[[ Records shown, beginning ]]
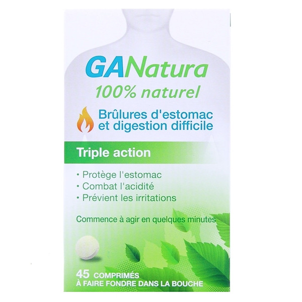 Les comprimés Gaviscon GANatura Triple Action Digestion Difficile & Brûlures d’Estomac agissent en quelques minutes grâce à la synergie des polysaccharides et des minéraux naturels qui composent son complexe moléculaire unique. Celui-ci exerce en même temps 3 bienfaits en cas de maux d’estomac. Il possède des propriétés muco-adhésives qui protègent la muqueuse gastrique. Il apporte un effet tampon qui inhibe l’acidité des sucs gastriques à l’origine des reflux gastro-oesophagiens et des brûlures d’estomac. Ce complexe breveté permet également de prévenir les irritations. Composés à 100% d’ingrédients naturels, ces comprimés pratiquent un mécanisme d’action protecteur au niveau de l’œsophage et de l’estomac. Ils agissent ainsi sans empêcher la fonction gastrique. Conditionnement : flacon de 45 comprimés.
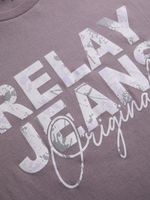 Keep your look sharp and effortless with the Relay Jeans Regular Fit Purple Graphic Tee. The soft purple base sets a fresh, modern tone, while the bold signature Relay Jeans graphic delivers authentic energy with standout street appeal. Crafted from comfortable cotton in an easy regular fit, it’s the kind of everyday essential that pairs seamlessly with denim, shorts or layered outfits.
[[ Records shown, end ]]
[[ Records shown, beginning ]]
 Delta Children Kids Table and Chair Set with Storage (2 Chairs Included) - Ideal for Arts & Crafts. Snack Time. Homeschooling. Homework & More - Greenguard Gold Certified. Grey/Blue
[[ Records shown, end ]]
Your objective: Only one stretch of the listing above is to be duplicated: the lines from the one containing "Les comprimés Gaviscon" through the one containing "Keep your look", both included. Copy them exactly, minus the pictures.

Solution:
 Les comprimés Gaviscon GANatura Triple Action Digestion Difficile & Brûlures d’Estomac agissent en quelques minutes grâce à la synergie des polysaccharides et des minéraux naturels qui composent son complexe moléculaire unique. Celui-ci exerce en même temps 3 bienfaits en cas de maux d’estomac. Il possède des propriétés muco-adhésives qui protègent la muqueuse gastrique. Il apporte un effet tampon qui inhibe l’acidité des sucs gastriques à l’origine des reflux gastro-oesophagiens et des brûlures d’estomac. Ce complexe breveté permet également de prévenir les irritations. Composés à 100% d’ingrédients naturels, ces comprimés pratiquent un mécanisme d’action protecteur au niveau de l’œsophage et de l’estomac. Ils agissent ainsi sans empêcher la fonction gastrique. Conditionnement : flacon de 45 comprimés.
 Keep your look sharp and effortless with the Relay Jeans Regular Fit Purple Graphic Tee. The soft purple base sets a fresh, modern tone, while the bold signature Relay Jeans graphic delivers authentic energy with standout street appeal. Crafted from comfortable cotton in an easy regular fit, it’s the kind of everyday essential that pairs seamlessly with denim, shorts or layered outfits.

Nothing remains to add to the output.